Monitoring of Minimal Residual Disease in NPM1 Mutated Acute Myeloid Leukemia (AML): Results of the AML Study Group (AMLSG)

Background: Mutations in the nucleophosmin 1 (NPM1) gene represent the most frequent gene mutations in acute myeloid leukemia (AML), with highest frequency (50–60%) in cytogenetic normal (CN)-AML and these mutations can be used as molecular markers for monitoring of minimal residual disease (MRD).

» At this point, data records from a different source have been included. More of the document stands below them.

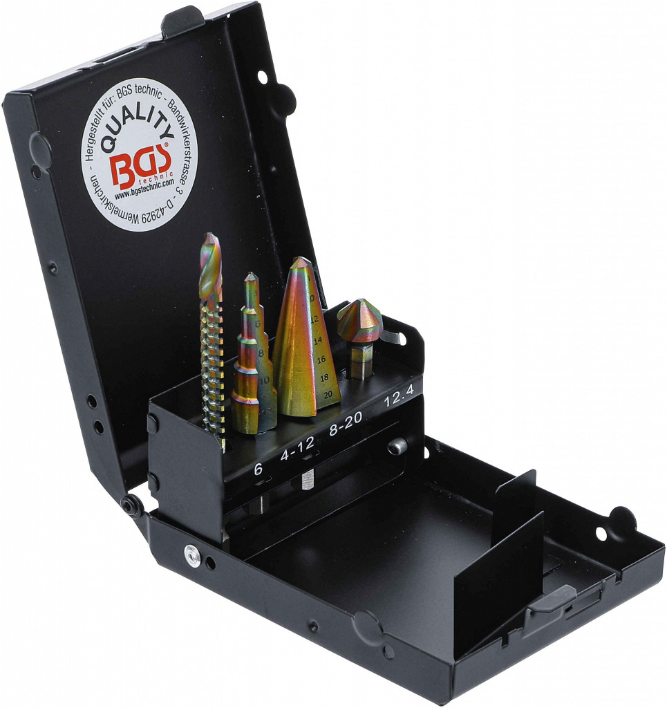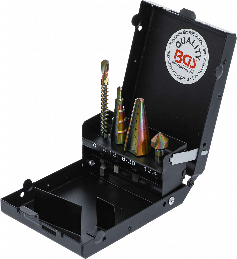 Stopničasto svedro 4 - 12 mm; Izrezovalnik lukenj 8 - 20 mm; Žagasti sveder 6 x 90 mm; Povrtalo 12,4 mm
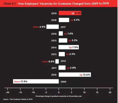 根据报告显示,毕业生招聘于2018年有所反弹,预测2019年15个主要行业和商业部门中的11家雇主今年应届毕业生招聘人数将会大幅增加,将达到2010年以来最高增长幅度。顶级雇主发布的职位空缺增加9.1%。
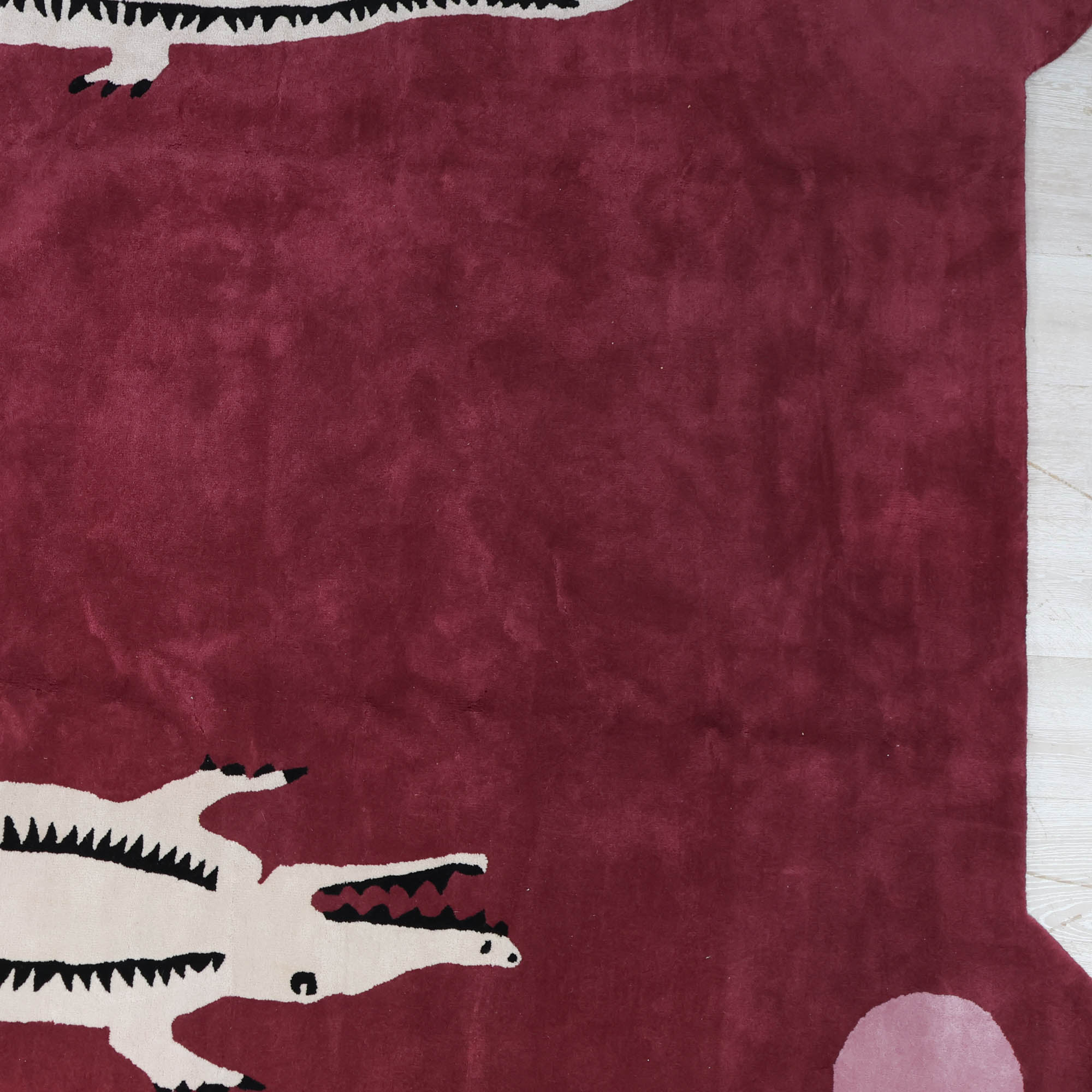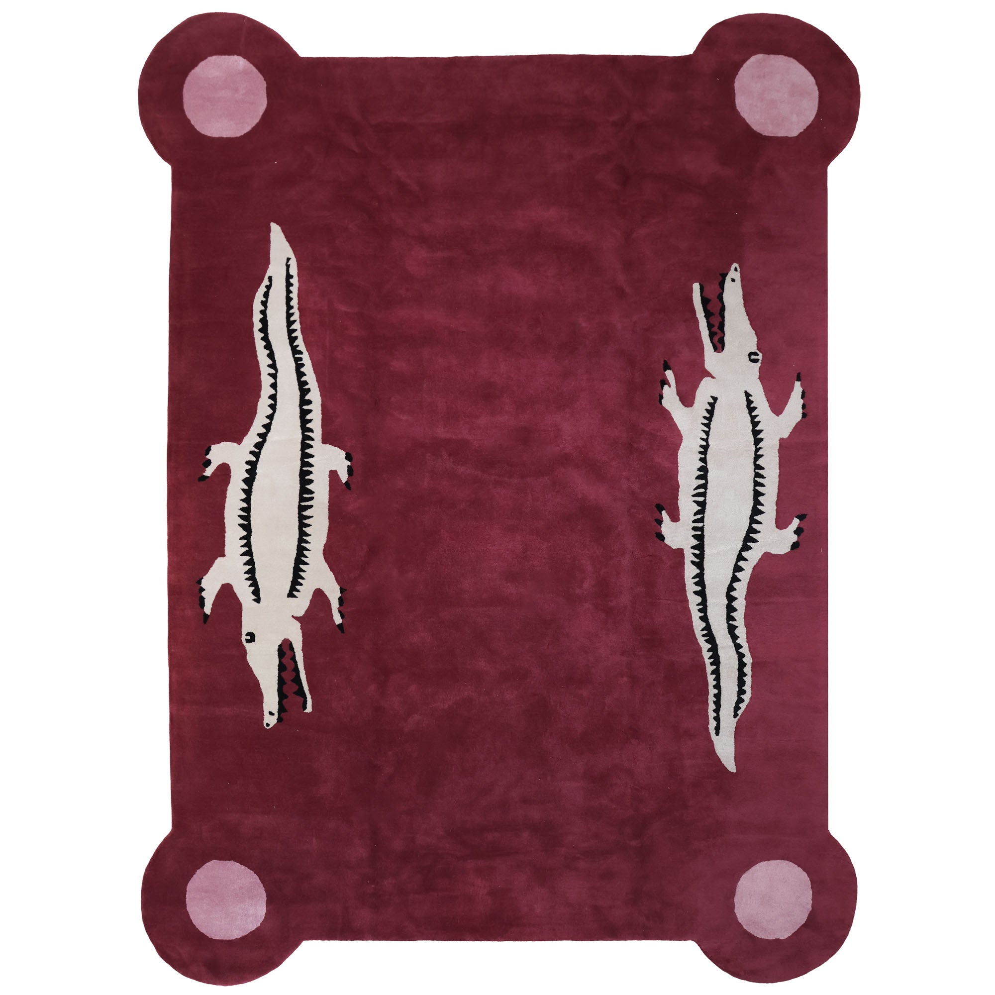 Our El Royale Tufted Rug brings a wink of wild to any room. Hand-tufted in wool, it features bold ivory alligators stretched across a deep berry ground, with oversized rose pink circles anchoring each corner. Cheeky and chic, this rug is built to last and impossible to ignore — a true conversation starter for your space.
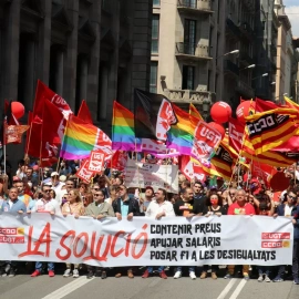 Milers de treballadors omplen la Via Laietana per reclamar augments salarials en un 1 de maig que torna a la normalitat
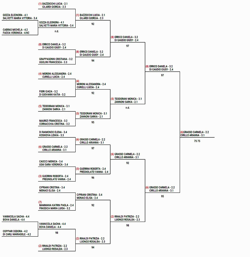 Nell’over 40 si fermano ai quarti la stessa Monaci (con Cristina Cipriani) e Alessandra Moroni con Lucia Curielli. Titolo a Grasso-Cirillo.
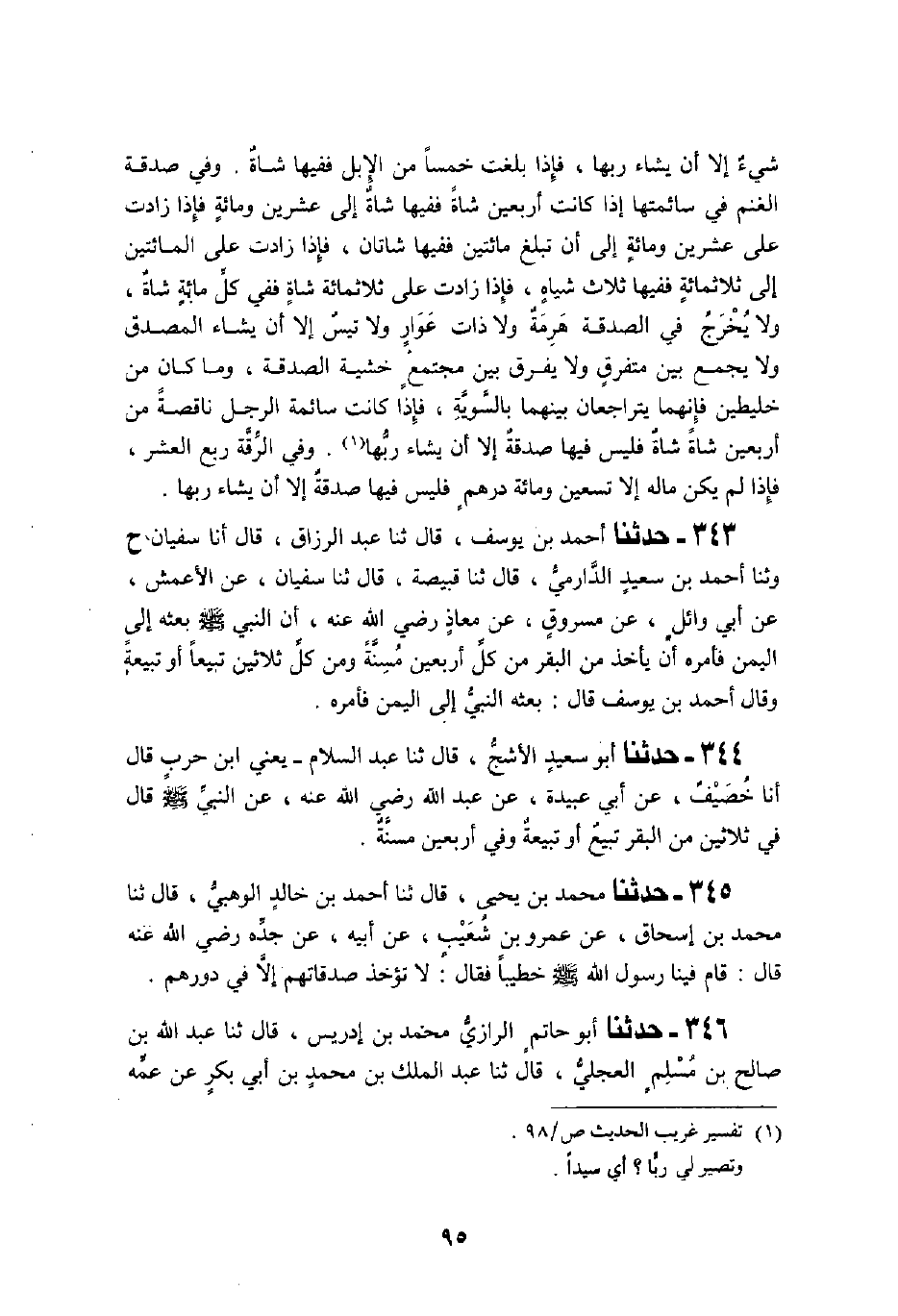 343 - حَدَّثَنَا أَحْمَدُ بْنُ يُوسُفَ، قَالَ: ثَنَا عَبْدُ الرَّزَّاقِ، قَالَ: أَنَا سُفْيَانُ، ح وَثَنَا أَحْمَدُ بْنُ سَعِيدٍ الدَّارِمِيُّ، قَالَ: ثَنَا قَبِيصَةُ، قَالَ: ثَنَا سُفْيَانُ، عَنِ الْأَعْمَشِ، عَنْ أَبِي وَائِلٍ، عَنْ مَسْرُوقٍ، عَنْ مُعَاذٍ، رَضِيَ اللَّهُ عَنْهُ أَنَّ النَّبِيَّ صَلَّى اللهُ عَلَيْهِ وَسَلَّمَ بَعَثَهُ إِلَى الْيَمَنِ §فَأَمَرَهُ أَنْ يَأْخُذَ مِنَ الْبَقَرِ مِنْ كُلِّ أَرْبَعِينَ مُسِنَّةً، وَمَنْ كُلِّ ثَلَاثِينَ تَبِيعًا أَوْ تَبِيعَةً " , وَقَالَ أَحْمَدُ بْنُ يُوسُفَ: قَالَ: بَعَثَهُ النَّبِيُّ إِلَى الْيَمَنِ فَأَمَرَهُ

Aims: To examine the applicability and sensitivity of DNA- and RNA-based real-time quantitative polymerase chain reaction (RQ-PCR) assays and to evaluate whether MRD levels are of prognostic relevance in younger (16 to 60 years) patients (pts) with AML harboring NPM1 mutations (NPM1^mut ) type A, B or D.

Methods: All pts were treated within the AMLSG 07-04 treatment trial including double induction therapy with ICE (idarubicin, cytarabine, etoposide) followed by three courses of high-dose cytarabine or allogeneic stem cell transplantation from matched related donors as consolidation therapy. Levels of NPM1^mut expression ratios, defined as NPM1^mut copies/ 10⁴abl copies, were determined by RQ-PCR using TaqMan technology. DNA- and RNA-based RQ-PCR assays were used in parallel.

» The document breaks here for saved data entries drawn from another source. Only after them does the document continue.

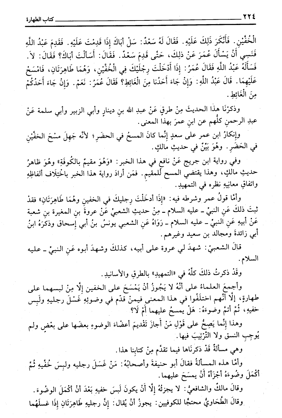 الْخُفَّيْنِ فَأَنْكَرَ ذَلِكَ عَلَيْهِ فَقَالَ لَهُ سَعْدٌ سَلْ أَبَاكَ إِذَا قَدِمْتَ عَلَيْهِ فَقَدِمَ عَبْدُ اللَّهِ فَنَسِيَ أَنْ يَسْأَلَ عُمَرَ عَنْ ذَلِكَ حَتَّى قَدِمَ سَعْدٌ فَقَالَ أَسَأَلْتَ أَبَاكَ فَقَالَ لَا فَسَأَلَهُ عَبْدُ اللَّهِ فَقَالَ عُمَرُ إِذَا أَدْخَلْتَ رِجْلَيْكَ فِي الْخُفَّيْنِ وَهُمَا طَاهِرَتَانِ فَامْسَحْ عَلَيْهِمَا قَالَ عَبْدُ اللَّهِ وَإِنْ جَاءَ أَحَدُنَا مِنَ الْغَائِطِ فَقَالَ عُمَرُ نَعَمْ وَإِنْ جَاءَ أَحَدُكُمْ مِنَ الْغَائِطِ
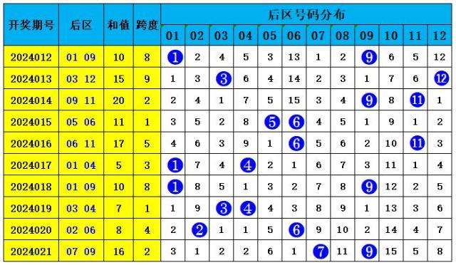 后区5码参考:02 03 05 08 12
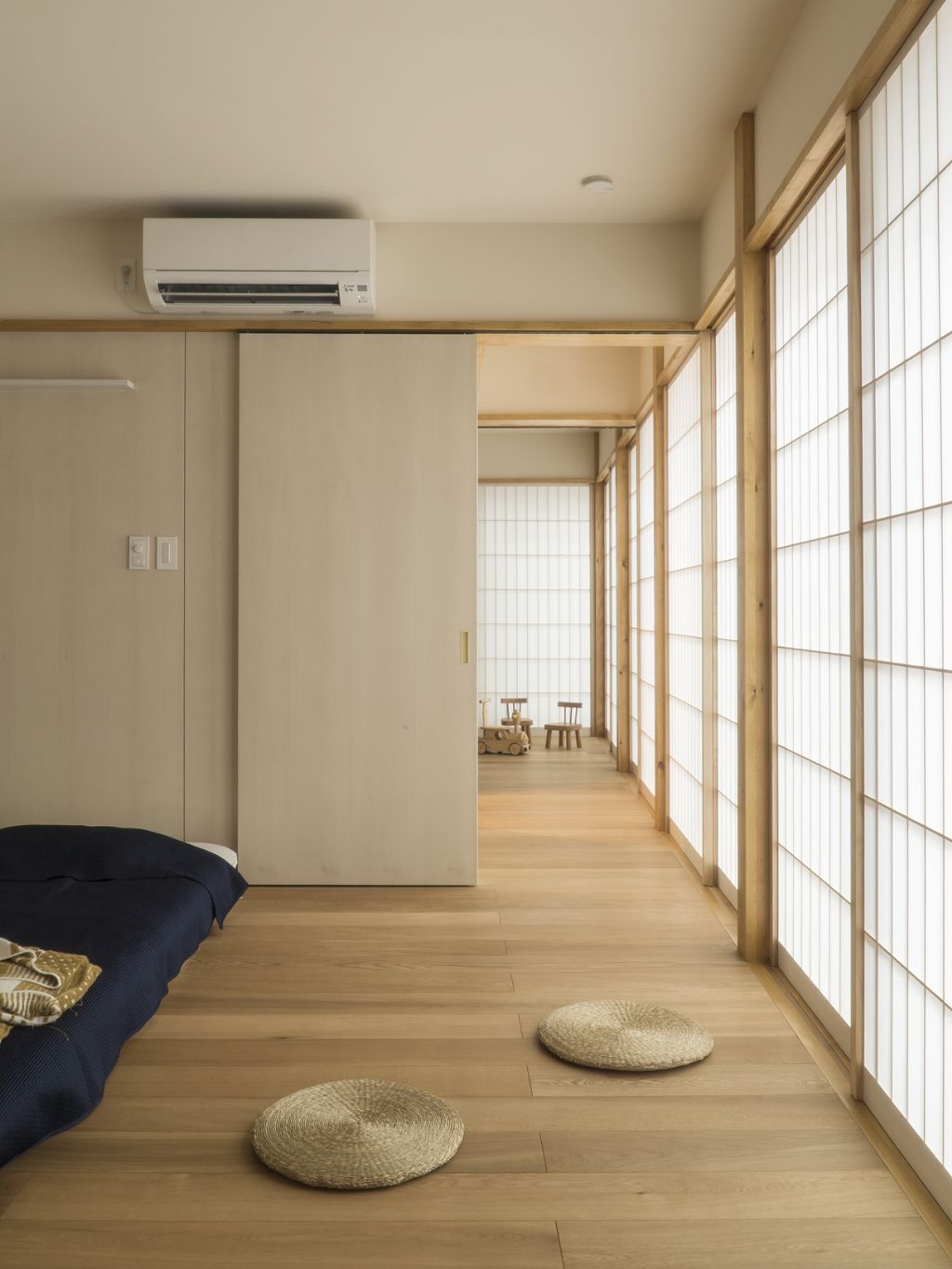 Om op deze beperkte ruimte een maximaal en hedendaags wooncomfort te garanderen werd een licht trapezoïde grondplan ontwikkeld. Het “opbergen” van de ontsluiting langs één zijde en het tegelijkertijd indirect toetreden van licht ook via deze blijkbaar afgescheiden ruimtes via shoji’s vergroot zo de ruimtelijke perceptie. Ook de stompe hoek aan de zuidwestelijke kant leidt tot een gevoelsmatige opening naar de open ruimte buiten het perceel tot het Sanjo Hachiman Shrine, een culturele erfgoedsite waar jaarlijks ceremonies plaatsvinden.

Results: A total of 537 samples [bone marrow (BM) n=463, peripheral blood (PB) n=74] from 88 pts have been analyzed (mean number of samples per patient, n=6;, range, 1–16) at diagnosis (BM, n=75; PB, n=12), after induction therapy (BM, n=190; PB, n=28), during consolidation (BM, n=115; PB, n=16) and during follow-up (BM, n=83; PB n=18). Sensitivity was 10⁻⁶ for the RNA- and 10⁻⁴ for the DNA-based assays. Both assays were highly specific as no wildtype (wt) NPM1 could be detected. The lower sensitivity of the DNA-based assay was demonstrated by the finding that the DNA-based RQ-PCR became negative in 102 samples while RNA-based RQ-PCR still showed NPM1^mut expression in 68 of these samples (range 2.1–11018.1). In addition, comparison of 63 paired (BM and PB) samples revealed a median 6.8 times higher NPM1^mut expression in BM with 13 of 15 samples being negative in PB but positive in BM. Based on these results we subsequently performed RNA-based RQ-PCR analysis in BM samples.

NPM1^mut expression ratios at diagnosis varied between 1.1 × 10⁴ and 6.4 × 10⁶ with a median of 5.6 × 10⁵. Pretreatment transcript levels were not associated with clinical characteristics (e.g., age, WBC counts, BM blasts) and did not impact on relapse-free (RFS) and overall survival (OS). The median decrease of the MRD level ratio after first and second induction therapy normalized to pretreatment levels was 2.24 log₁₀ (−8.57–1.88 log₁₀) and 3.9 log₁₀ (−8.58–0.67 log₁₀), respectively. There was no difference in FLT3-ITD positive and negative pts (p=0.72 and p=0.20, respectively). During consolidation therapy NPM1^mut expression levels in the FLT3-ITD negative pts further decreased after each cycle and were significantly lower compared to FLT3-ITD positive patients (p=0.00008, p=0.05, p=0.003). Of note, FLT3-ITD positive pts had rebounding MRD levels during consolidation therapy in comparison to levels achieved after induction therapy. Achievement of RQ-PCR-negativity in at least 1 BM sample (n=20) during consolidation therapy was associated with superior RFS (p=0.004) of 76.8% (95% CI 13%–61%) after 2 years compared to 29.0% (95% CI 59%–100%) for pts with persistent RQ-PCR positivity (n=37). For this analysis pts with allogeneic transplantation were excluded.

Different courses of MRD were identified in 31 relapsed pts. In 19 patients increasing (range 1.0–322.3) or constantly high MRD levels 28 to 518 days (median 66) before occurrence of clinical relapse were detected. For the remaining pts, molecular relapse was not detectable due to loss of the NPM1^mut clone in relapse material (n=3), a decrease in MRD levels 71 to 90 days before relapse (n=3) or the lack of samples within 3 months before relapse (n=6).

Conclusions:NPM1 mutations are a sensitive marker for MRD monitoring in AML, in particular when RNA-based RQ-PCR assays on BM samples are used. Achievement of MRD negativity appears to predict favorable clinical outcome.